## WHAT THIS TASK INVOLVES
All lines from the one containing "Под Красноярском загорелся" down to the one containing "Occhiali da sole", both ends included, are to be given again exactly; omit the rest of the listing below.

## EXERCISE DATA
************

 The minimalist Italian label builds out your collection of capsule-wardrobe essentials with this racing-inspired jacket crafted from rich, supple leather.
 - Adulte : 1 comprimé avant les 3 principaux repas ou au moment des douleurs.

************

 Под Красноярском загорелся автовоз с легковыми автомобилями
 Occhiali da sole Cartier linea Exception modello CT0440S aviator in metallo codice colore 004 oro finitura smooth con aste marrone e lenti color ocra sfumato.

************

## EXPECTED ANSWER
 Под Красноярском загорелся автовоз с легковыми автомобилями
 Occhiali da sole Cartier linea Exception modello CT0440S aviator in metallo codice colore 004 oro finitura smooth con aste marrone e lenti color ocra sfumato.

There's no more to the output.